Anruf in der Redaktion am Sonntagabend, nach der erfolgreichen Entschärfung der Weltkriegsbombe in Frankfurt: Ein Leser aus Mörfelden-Walldorf ist am Telefon, 80 Jahre alt, er hat den Krieg selbst erlebt – und während der letzten Kampfhandlungen seine Mutter verloren. Was in Frankfurt passiert ist, geht ihm nahe.

Nicht nur, weil durch den Fund der britischen Luftmine die schrecklichen Ereignisse plötzlich wieder sehr präsent sind. Er kann es nicht verstehen, dass es Menschen gibt, die in der Sperrzone wohnen und durch die Bombe ihre Bequemlichkeit und ihre Freiheit beschränkt sehen, die am Sonntag lieber ausschlafen würden, die sich am Ende von der Polizei abführen lassen und damit nicht nur den Einsatzkräften, sondern auch ihren Nachbarn die Zeit stehlen. Für so viel unsolidarischen Starrsinn kann es nur eine Erklärung geben: Wir haben keinen Bezug mehr zur Gefahr, die wir nur noch abstrakt aus Filmen und Computerspielen kennen und nicht einschätzen können. Und wir sind nicht bereit, wegen „ein bisschen Bombe“ unsere Komfortzonen zu verlassen.

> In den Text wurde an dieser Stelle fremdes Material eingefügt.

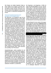 lll u.. u.. .!!! 't:J ...::I ....!!! Vl ns lll .!!!. ns Der Einsatz von mobilen Speichern findet zu einem großen Teil im Bereich Consumer Elec- tronics statt. Die drei größten Akteure des Lan- des NRW sind Miele, Vorwerk und Severin. Hier kommen Lithium-Ionen-Batterien in einer Vielzahl von Produkten, im wesentlichen Kleingeräte, zum Einsatz. Q) ·;:: ....Vl :I 't:J c: 't:J c: :I Cl c: :I ~ (.) I!! 0 u.. _;.: .~ iii E Q) .:li: ... :ns ....E Qj ~ Q) Q "; • Führende Produktionstechnik durch gelungene Technologietransfers Der Maschinen- und Anlagenbau stellt mit der notwendigen Produktionstechnik im Raum NRW durch eine Vielzahl von Unternehmen ein starkes und notwendiges Rückgrat für die Umsetzung der FFB dar. Neben den herausragenden Kontakten zu Lieferanten von Turn-Key-Lösungen aus dem asiatischen Raum können die ansässigen Firmen aufgrund der logistischen Nähe unkompliziert in die Anlagentechnik der FFB integriert werden, um das bereits vorhandene Know-how zu nutzen, auszubauen und damit die eigenen Produkte zu optimieren- ein wichtiger Faktor für die langfristi- ge Wettbewerbsfähigkeit dieser Branche. Grund- lagen dafür stellen die qualitativ hochwertigen und zuverlässigen Produkte der deutschen Maschi- nen- und Anlagenbauer dar. Die Herausforderung hier besteht in der Adaption der Anlagentechnik und damit im Technologietransfer aus anderen Industriefeldern auf die Batteriezellproduktion sowie dem Nachweis, dass sich die heimischen Technologien nicht nur nahtlos in großskalige Produktionsprozesse einbinden lassen, sondern die innovativen Produkte der einheimischen Her- steller Vorteile im Produktionsablauf und damit den Produktionskosten haben. Dieser Nachweis wird zukünftig in der FFB erbracht. Herausforderungen, welche spezifisch für die Batterieproduktion sind, wurden schon häufig be- reits in anderen Branchen durch die intelligente Prozesstechnik deutscher Maschinen- und An- lagenbauer gelöst. So können über die Integra- tion und Adaption die deutschen Maschinen- und Anlagenbauer durch die FFB befähigt werden, ihre Produkte an den neuen Industriezweig an- zupassen und konkurrenzfähige Lösungen für die Batteriezellproduktion anzubieten, um sich strate- gisch gut und wettbewerbsfähig gegenüber den asiatischen Herstellern zu positionieren. Der Maschinen- und Anlagenbau in NRW mit knapp 200.000 Beschäftigten und rund 1.500 Be- trieben stellt ein Viertel aller deutschen Maschi- nenbaubetriebe. Jede fünfte deutsche Maschine wird in NRW produziert. Mit einem Umsatz von 47,2 Mrd. € ist es die umsatzstärkste Branche des Landes. Maßgeblich für den Erfolg der Branche sind nicht zuletzt die rund 51.500 Studierenden in den ca. 160 Maschinenbau- oder verwandten Stu- diengängen in NRW. Die Maschinenbaubranche in NRW profitiert damit wesentlich von den renom- mierten Forschungsinstanzen im Maschinenbau, der Elektrotechnik und den Naturwissenschaften. Ein gutes Beispiel für einen solchen Technologie- transfer stellt das Unternehmen Heitkamp & Tuh- mann (LOI) dar, welches international bekannt für seine Metered Dose lnhaler (MDI) ist. Diese wer- den mit Hilfe eines komplexen, taktzeitoptimierten Tiefziehprozesses hergestellt. Durch Technolo- gietransfer konnte das Know-how genutzt wer- den, um die Technologie erfolgreich auf die Her- stellu der Rundzelle Ein wei- teres Beispiel liefert das Unternehmen Coatema Coating Machinery GmbH (LOI), welches sich deutschlandweit sehr intensiv mit dem Produk- tionsprozess der Aktivmaterialbeschichtung auf Abieiterfolien bzw. Ableiterstreckgitter beschäftigt. Auch der Trocknungsprozess wird in dem Unter- nehmen abgebildet. Hierbei kann das Unterneh- men auf langjährige Erfahrung aus dem Bereich der Rolle-zu-Rolle-Prozesse zurückgreifen und integriert bereits neuartige und kosten- und quali- tätsoptimierte Lösungen wie die IR-Trocknung in ihrer Anlagentechnik. Auch BST eltromat Group (LOI) aus dem Bereich der Rolle-zu-Rolle-Pro- zesse ist ein Know-how Träger in diesem Bereich. Ursprünglich zunächst sehr stark in dem Bereich der Bahnkantensteuerung und der Qualitätssiche- rung in der Papier- und Druckindustrie, konnte die Technologie bereits erfolgreich auf die Batte- riezellproduktion übertragen werden. So werden aktuell Lösungen für die Qualitätssicherung, u. a. die Nassschichtdickenmessung und die Bahn- kantensteuerung bei asiatischen Zellherstel- lern integriert. Auch im Bereich der Batteriezeii- Finalisierung kann auf umfangreiche Experti- se im ansässigen Maschinen- und Anlagen-

Günter Murr Bild-Zoom Foto: (FNP)
Günter Murr

Aber dieser denkwürdige Frankfurter Sonntag hat auch sehr viel Positives gezeigt: Unsere Sicherheitsbehörden sind in der Lage, eine derart umfangreiche Aktion in kürzester Zeit weitgehend reibungslos zu organisieren. Es stehen viele haupt- und ehrenamtliche Helfer bereit, die nicht auf die Uhr oder auf den Kalender schauen, sondern ganz einfach, ohne lange zu fragen da sind, wo sie gebraucht werden. Und es gibt die zahlreichen privaten Initiativen von Menschen, die für ihre von der Evakuierung betroffenen Nachbarn die Türen öffneten oder ein Programm auf die Beine stellten. Diese schönen Erfahrungen machen Mut und zeigen, dass die rücksichtslosen Egoisten in Frankfurt doch die Ausnahme sind.